Gelbweisse Schilfeule (Arenostola phragmitidis)
Name
Gelbweisse Schilfeule (Arenostola phragmitidis)
Familie
Noctuidae (Eulenfalter)
Körpergröße
Spannweite 32–36 mm
Merkmale
Die Gelbweisse Schilfeule ist ein mittelgroßer Eulenfalter mit einer Flügelspannweite von 32 bis 36 mm. Die Vorderflügel sind hell gelblich-weiß bis strohfarben gefärbt und zeigen eine feine, unauffällige Zeichnung mit schwachen Querlinien und einem dezenten Mittelfleck – eine Färbung, die hervorragend zur Tarnung im Schilf geeignet ist. Die Hinterflügel sind heller und nahezu einfarbig. Der Körper ist schlank und ebenfalls hell gefärbt, was die Art von dunkleren Schilfeulenverwandten unterscheidet.
Lebensraum
Die Gelbweisse Schilfeule ist eng an Schilfröhrichte gebunden und besiedelt Uferstreifen von Seen, Flüssen, Teichen und Gräben sowie alle sonstigen Feuchtbiotope mit ausgedehnten Beständen des Gemeinen Schilfs (Phragmites australis). Die Raupen entwickeln sich an den Blättern dieser Pflanze. Die Flugzeit der Imagines erstreckt sich von Juni bis August, wobei die Falter nachtaktiv sind und bevorzugt in der Dämmerung und nachts fliegen.
Besonderheiten
Die Verbreitung der Gelbweissen Schilfeule in Deutschland ist deutlich ungleichmäßig: Die Art ist vor allem in der norddeutschen Tiefebene regelmäßig anzutreffen, während sie in den südlichen Bundesländern selten ist oder ganz fehlt.
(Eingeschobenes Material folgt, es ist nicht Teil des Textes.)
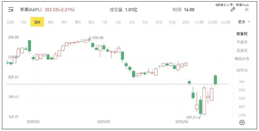 图:苹果股价走势图(截至北京时间2025年4月15日)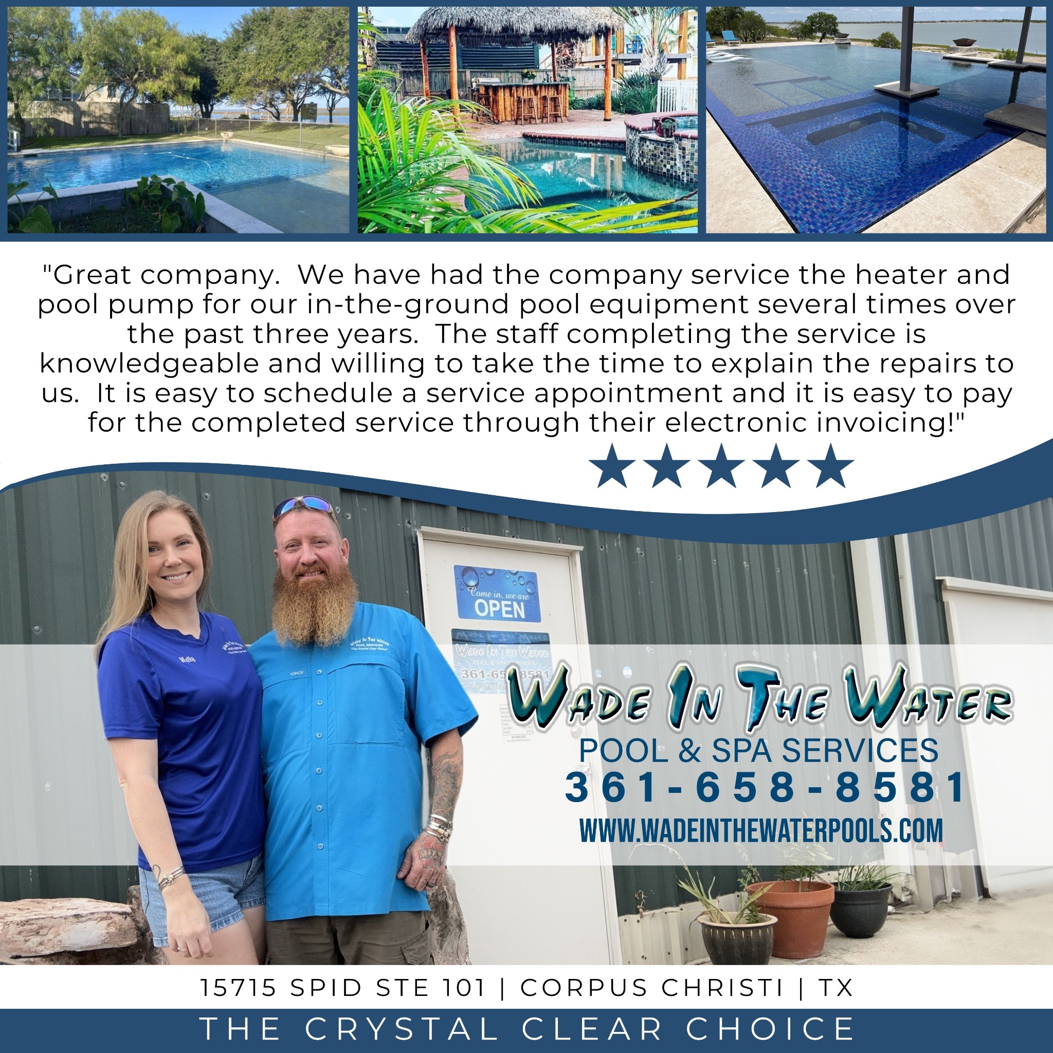 Dive into relaxation with Wade In The Water Pool & Spa Services! Your neighborhood's go-to for pristine pools and spas since 2010. From weekly maintenance to repairs and remodeling, we've got you...

Dies hängt mit der Verfügbarkeit geeigneter Schilflebensräume zusammen, die im Norden großflächiger vorhanden sind. Verwechslungen sind mit ähnlichen hellen Schilfeulen möglich, die ebenfalls in Röhrichtbiotopen vorkommen. Der Rückgang von Schilfflächen durch Gewässerausbau und Entwässerung stellt eine potenzielle Gefährdung für die Art dar.